Gerade der Zeitpunkt ist entscheidend. Während eine einfache Haustüröffnung am Tag rund 90 Euro kosten kann, belaufen sich die Gebühren für denselben Fall in der Nacht oft auf fast das Doppelte. Grund genug, einen Blick auf die abgeschlossenen Versicherungen zu werfen!

Wann Hausrat- und Haftpflichtversicherung die Kosten tragen

Leider sind bei Standardabsicherungen selten Schlüsseldienstleistungen inbegriffen. Dann ist es unwahrscheinlich, dass die Hausratversicherung die Kosten für den Schlüsseldienst übernimmt. Lediglich bei Diebstahl kann die Versicherung kontaktiert werden. Auch, wenn nach einem Feuerwehreinsatz ein Schlüssel fehlt, ist die Kostenübernahme denkbar.

Wenn beruflich genutzte Schlüssel abhanden kommen, ist die Haftpflichtversicherung der richtige Ansprechpartner. Entscheidend ist, was im Vertrag vereinbart wurde. Aber oft fehlt auch hier eine entsprechende Klausel, die Schlüsselverluste fremder Personen abdeckt. Eine solche Klausel kann auch für Schlüssel gelten, die vom Vermieter an Mieter übergeben wurden.

Zusatzbausteine schließen Lücken

Um mögliche Lücken des Versicherungsschutzes zu schließen, gibt es besondere Zusatzbausteine zum Beispiel in der Hausratversicherung. So kann die Hausratversicherung gegen einen Aufschlag um entsprechende Zusatzvereinbarungen ergänzt werden. Dann springt sie auch für bestimmte Schlüsseldienstkosten ein – meist bis zu einer bestimmten Höhe und gegen eine Selbstbeteiligung der oder des Versicherten.

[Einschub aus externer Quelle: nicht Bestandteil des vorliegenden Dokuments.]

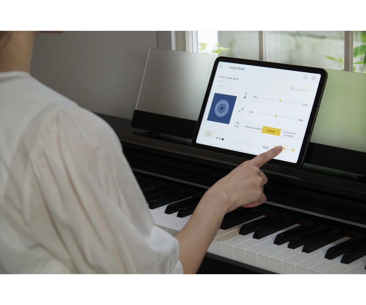 Wnętrze AP-S200 skrywa zaawansowany procesor dźwięku AiR Sound Source, który z niezwykłą precyzją odwzorowuje bogactwo rezonansu strun. Dzięki technologii bezstratnej kompresji audio (Lossless Audio Compression), sygnał pozostaje krystalicznie czysty, oddając pełną dynamikę gry – od subtelnego pianissimo po potężne fortissimo. System Mechanical Sound dba o najdrobniejsze detale, symulując fizyczną pracę mechanizmu młoteczkowego, co nadaje brzmieniu niebywałego realizmu.

Fazit: Schlüsseldienstkosten vemeiden mit Zusatzbausteinen

Ohne spezielle Zusatzbausteine trägt die Hausratversicherung in der Regel nur dann die Kosten für den Schlüsseldienst, wenn der Schlüssel durch einen Diebstahl abhandengekommen ist bzw. durch einen Einbruch/Diebstahl Schlossänderungskosten entstehen. Auch die Haftpflichtversicherung ist nicht immer zahlungsbereit. Wer sicher gehen möchte, sollte sich daher frühzeitig um eine entsprechende Zusatzabsicherung bemühen.